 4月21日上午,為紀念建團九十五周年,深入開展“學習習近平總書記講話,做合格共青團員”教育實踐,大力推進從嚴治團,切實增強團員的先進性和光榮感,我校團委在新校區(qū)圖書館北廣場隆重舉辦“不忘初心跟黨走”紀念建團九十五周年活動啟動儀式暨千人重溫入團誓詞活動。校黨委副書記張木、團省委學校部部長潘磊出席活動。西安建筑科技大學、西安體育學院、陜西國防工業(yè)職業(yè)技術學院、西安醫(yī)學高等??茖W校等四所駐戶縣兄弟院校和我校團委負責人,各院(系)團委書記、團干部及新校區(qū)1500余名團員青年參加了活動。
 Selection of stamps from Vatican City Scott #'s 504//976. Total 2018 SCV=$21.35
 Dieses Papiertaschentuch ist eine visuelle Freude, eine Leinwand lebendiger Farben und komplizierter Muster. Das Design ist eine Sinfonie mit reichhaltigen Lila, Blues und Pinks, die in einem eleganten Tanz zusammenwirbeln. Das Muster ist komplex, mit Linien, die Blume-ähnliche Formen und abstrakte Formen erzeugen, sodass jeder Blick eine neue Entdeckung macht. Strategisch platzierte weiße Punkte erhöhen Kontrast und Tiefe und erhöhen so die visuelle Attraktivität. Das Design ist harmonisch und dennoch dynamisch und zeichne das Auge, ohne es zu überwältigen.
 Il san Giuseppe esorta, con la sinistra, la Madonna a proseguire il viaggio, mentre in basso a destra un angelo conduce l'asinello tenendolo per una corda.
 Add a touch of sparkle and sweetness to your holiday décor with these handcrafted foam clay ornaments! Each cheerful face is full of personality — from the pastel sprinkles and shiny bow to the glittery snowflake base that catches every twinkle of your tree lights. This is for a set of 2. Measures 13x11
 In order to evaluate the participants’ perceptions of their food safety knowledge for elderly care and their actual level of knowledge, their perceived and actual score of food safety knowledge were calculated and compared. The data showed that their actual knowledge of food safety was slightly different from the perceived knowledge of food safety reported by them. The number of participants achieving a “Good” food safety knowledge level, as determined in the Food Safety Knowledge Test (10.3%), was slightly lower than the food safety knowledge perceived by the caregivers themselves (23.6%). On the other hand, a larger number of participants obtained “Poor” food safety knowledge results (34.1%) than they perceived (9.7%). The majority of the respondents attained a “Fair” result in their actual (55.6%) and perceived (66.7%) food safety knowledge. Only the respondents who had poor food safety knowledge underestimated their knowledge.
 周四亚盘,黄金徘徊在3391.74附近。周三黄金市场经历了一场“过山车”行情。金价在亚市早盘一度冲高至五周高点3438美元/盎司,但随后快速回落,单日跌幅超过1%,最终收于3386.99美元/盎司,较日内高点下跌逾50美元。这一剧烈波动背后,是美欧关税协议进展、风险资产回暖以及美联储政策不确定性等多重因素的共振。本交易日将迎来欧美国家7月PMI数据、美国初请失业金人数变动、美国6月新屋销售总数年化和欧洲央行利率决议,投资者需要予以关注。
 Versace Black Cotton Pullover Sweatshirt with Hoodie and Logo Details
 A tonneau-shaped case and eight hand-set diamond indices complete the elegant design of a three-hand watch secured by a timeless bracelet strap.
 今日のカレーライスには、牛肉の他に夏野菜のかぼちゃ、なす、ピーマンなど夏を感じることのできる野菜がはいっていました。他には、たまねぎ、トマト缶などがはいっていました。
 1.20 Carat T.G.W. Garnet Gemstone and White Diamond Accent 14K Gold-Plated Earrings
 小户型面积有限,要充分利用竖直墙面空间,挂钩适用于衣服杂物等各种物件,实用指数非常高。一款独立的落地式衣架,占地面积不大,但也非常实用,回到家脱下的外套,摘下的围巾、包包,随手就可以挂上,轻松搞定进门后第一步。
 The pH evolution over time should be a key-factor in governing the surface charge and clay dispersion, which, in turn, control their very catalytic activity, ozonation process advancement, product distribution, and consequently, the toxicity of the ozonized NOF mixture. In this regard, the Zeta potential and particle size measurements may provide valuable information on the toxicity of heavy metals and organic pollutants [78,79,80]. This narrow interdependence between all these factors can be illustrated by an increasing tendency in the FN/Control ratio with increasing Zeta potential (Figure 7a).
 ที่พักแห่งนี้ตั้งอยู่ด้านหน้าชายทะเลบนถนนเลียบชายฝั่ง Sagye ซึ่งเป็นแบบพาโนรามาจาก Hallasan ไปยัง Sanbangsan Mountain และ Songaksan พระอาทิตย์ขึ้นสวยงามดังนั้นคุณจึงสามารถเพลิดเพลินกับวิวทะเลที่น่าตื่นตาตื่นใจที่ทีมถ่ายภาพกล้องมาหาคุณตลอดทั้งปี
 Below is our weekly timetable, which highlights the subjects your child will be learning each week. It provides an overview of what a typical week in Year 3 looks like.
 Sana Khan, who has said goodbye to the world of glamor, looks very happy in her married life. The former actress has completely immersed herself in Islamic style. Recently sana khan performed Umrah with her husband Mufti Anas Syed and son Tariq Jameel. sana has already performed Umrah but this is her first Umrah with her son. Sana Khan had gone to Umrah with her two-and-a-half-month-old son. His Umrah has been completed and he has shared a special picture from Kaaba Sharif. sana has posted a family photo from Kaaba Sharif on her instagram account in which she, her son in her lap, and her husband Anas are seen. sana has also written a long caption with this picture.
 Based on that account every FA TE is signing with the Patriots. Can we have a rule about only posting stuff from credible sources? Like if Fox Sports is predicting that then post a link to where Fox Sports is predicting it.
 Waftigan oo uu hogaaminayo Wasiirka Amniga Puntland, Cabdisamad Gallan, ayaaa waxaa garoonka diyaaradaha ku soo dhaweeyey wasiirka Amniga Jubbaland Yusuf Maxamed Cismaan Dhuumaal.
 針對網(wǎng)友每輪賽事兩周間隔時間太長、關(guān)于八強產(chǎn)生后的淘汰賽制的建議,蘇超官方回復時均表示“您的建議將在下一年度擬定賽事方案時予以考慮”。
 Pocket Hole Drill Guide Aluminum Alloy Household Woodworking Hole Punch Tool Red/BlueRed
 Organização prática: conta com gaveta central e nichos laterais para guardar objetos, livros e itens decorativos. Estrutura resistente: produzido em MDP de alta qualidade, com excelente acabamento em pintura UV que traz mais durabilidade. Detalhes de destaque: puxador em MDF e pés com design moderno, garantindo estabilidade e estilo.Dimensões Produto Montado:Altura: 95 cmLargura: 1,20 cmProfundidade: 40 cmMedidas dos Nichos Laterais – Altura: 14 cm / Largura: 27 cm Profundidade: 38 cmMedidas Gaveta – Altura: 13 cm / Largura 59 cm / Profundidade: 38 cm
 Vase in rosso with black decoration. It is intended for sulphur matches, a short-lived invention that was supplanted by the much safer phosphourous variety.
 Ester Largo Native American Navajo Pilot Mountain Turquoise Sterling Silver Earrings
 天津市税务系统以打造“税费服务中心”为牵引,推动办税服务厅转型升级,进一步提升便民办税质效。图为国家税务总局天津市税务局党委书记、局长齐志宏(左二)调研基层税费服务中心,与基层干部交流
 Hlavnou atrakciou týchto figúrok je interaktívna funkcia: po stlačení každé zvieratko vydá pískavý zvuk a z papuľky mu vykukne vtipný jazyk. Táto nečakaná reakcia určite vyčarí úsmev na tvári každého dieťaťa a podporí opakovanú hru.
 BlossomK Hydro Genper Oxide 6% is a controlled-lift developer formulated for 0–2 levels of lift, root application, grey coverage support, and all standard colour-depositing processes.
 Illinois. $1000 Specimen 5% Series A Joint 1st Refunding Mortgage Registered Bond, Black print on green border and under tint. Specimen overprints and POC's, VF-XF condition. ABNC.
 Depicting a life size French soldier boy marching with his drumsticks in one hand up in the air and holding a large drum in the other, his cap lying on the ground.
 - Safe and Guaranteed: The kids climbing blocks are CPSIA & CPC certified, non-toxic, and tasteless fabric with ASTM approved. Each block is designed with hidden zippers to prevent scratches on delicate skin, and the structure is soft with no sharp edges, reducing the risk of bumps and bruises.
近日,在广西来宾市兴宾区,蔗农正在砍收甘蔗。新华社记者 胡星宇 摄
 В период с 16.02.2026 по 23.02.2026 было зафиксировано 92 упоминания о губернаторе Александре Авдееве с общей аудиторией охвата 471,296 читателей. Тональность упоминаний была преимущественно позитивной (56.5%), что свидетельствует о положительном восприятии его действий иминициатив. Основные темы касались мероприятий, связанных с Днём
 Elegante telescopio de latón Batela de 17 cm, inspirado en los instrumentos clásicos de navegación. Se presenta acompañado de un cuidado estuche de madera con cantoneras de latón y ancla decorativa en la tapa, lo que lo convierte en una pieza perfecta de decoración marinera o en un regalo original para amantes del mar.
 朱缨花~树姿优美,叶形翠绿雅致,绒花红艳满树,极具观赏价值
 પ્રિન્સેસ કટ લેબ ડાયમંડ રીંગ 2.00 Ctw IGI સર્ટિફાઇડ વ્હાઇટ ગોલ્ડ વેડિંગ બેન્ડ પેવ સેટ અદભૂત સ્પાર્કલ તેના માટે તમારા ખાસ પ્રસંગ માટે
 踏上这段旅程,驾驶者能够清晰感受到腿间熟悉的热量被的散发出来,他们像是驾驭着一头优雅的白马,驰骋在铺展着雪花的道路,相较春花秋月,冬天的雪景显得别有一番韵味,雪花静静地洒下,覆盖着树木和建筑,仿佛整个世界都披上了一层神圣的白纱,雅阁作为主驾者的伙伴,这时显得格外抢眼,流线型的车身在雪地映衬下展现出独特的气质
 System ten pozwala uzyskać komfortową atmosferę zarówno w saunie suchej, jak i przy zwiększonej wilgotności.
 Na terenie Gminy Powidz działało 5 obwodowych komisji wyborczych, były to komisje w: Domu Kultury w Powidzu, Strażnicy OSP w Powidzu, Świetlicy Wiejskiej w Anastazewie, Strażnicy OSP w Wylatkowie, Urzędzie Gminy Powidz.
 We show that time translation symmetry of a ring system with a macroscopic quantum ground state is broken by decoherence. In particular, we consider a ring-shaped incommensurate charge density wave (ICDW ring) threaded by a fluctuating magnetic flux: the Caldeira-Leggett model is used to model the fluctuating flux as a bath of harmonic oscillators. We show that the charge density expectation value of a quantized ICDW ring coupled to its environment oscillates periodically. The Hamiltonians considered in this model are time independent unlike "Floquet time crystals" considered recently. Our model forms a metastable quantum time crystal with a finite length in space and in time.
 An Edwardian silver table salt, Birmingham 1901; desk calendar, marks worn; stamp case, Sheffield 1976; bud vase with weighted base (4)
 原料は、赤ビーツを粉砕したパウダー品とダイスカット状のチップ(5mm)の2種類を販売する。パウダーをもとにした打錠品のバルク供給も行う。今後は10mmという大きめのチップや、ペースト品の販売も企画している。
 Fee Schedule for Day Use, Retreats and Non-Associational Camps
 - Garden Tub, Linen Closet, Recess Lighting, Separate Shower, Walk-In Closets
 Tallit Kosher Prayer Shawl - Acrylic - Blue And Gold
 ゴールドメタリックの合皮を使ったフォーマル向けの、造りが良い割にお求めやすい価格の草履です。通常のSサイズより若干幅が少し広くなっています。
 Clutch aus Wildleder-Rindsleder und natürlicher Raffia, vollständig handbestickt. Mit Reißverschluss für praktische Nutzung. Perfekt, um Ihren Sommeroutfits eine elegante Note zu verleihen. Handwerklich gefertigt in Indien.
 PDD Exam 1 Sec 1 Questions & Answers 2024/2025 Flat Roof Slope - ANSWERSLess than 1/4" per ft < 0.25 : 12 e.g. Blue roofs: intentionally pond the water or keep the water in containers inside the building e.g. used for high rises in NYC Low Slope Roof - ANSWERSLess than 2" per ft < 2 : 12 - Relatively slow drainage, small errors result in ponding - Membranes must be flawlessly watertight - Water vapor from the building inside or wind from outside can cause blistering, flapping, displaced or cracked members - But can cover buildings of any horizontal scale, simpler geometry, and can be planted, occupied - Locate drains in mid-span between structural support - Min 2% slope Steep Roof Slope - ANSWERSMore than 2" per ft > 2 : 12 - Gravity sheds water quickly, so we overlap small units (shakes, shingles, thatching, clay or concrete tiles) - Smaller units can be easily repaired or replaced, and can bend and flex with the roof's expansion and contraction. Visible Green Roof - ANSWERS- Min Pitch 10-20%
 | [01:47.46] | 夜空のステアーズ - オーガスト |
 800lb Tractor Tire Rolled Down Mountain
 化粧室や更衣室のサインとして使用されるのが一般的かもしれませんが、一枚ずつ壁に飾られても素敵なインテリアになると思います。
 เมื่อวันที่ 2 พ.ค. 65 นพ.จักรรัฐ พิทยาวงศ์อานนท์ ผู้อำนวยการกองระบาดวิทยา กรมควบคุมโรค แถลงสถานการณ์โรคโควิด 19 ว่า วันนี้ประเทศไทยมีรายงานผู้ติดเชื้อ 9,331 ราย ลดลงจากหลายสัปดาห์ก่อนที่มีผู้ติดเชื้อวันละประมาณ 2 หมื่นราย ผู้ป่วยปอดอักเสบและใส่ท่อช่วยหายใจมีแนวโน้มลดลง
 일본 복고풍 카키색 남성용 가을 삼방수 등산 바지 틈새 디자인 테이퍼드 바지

== == ==

§ **AIM OF THE EXERCISE**: Write down exactly the span of lines above from the one containing "Versace Black Cotton" to the one containing "今日のカレーライスには、牛肉", both ends included.

§ **ANSWER FOR THE TASK**:
 Versace Black Cotton Pullover Sweatshirt with Hoodie and Logo Details
 A tonneau-shaped case and eight hand-set diamond indices complete the elegant design of a three-hand watch secured by a timeless bracelet strap.
 今日のカレーライスには、牛肉の他に夏野菜のかぼちゃ、なす、ピーマンなど夏を感じることのできる野菜がはいっていました。他には、たまねぎ、トマト缶などがはいっていました。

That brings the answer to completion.